-------- Data for this task --------
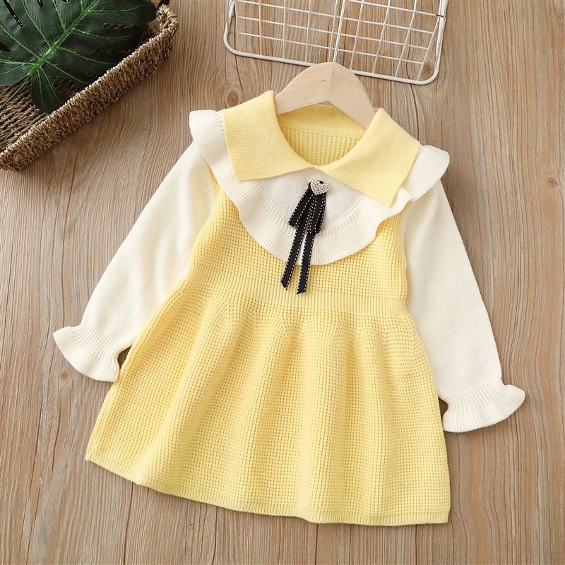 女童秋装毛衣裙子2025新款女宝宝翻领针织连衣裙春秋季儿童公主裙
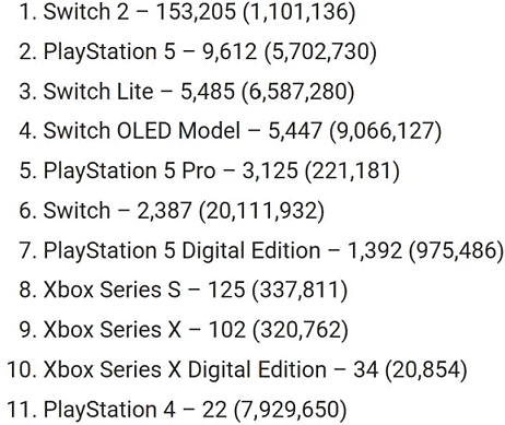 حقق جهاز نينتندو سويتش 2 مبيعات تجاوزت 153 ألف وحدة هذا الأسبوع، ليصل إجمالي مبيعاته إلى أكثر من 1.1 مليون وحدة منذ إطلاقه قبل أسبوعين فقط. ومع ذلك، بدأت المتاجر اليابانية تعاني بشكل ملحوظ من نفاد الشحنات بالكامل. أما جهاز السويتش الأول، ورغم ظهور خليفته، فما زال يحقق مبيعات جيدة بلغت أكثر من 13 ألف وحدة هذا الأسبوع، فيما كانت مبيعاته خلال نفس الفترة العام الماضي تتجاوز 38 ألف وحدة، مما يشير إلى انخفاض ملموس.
--------
-------- Data for this task --------
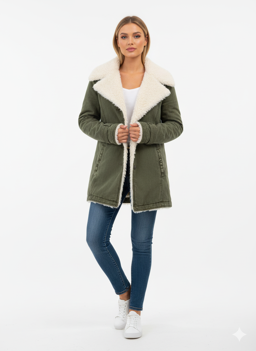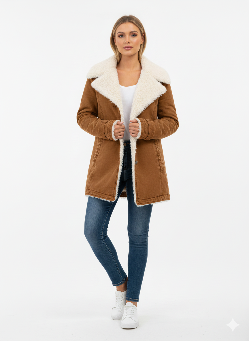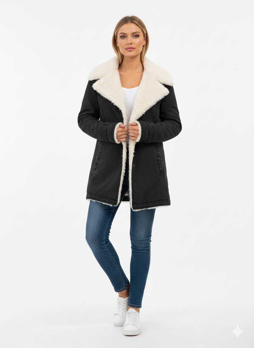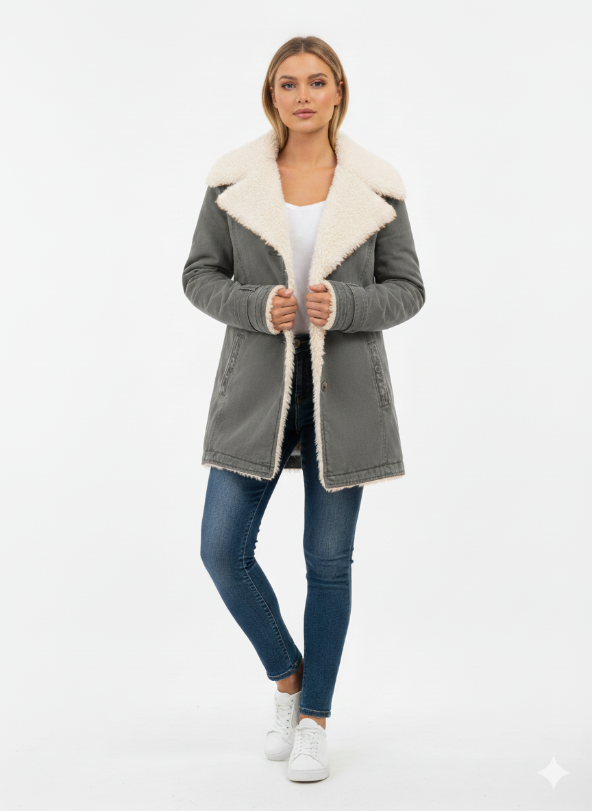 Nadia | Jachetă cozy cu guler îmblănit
--------
▶ **Prompt**: Print everything from the line with "女童秋装毛衣裙子2025新款女宝宝翻领针织连衣裙春秋季儿童公主裙" down to the line with "حقق جهاز نينتندو" in the entries above, both lines included and nothing more, without the pictures.

▶ **Exercise solution**:
 女童秋装毛衣裙子2025新款女宝宝翻领针织连衣裙春秋季儿童公主裙
 حقق جهاز نينتندو سويتش 2 مبيعات تجاوزت 153 ألف وحدة هذا الأسبوع، ليصل إجمالي مبيعاته إلى أكثر من 1.1 مليون وحدة منذ إطلاقه قبل أسبوعين فقط. ومع ذلك، بدأت المتاجر اليابانية تعاني بشكل ملحوظ من نفاد الشحنات بالكامل. أما جهاز السويتش الأول، ورغم ظهور خليفته، فما زال يحقق مبيعات جيدة بلغت أكثر من 13 ألف وحدة هذا الأسبوع، فيما كانت مبيعاته خلال نفس الفترة العام الماضي تتجاوز 38 ألف وحدة، مما يشير إلى انخفاض ملموس.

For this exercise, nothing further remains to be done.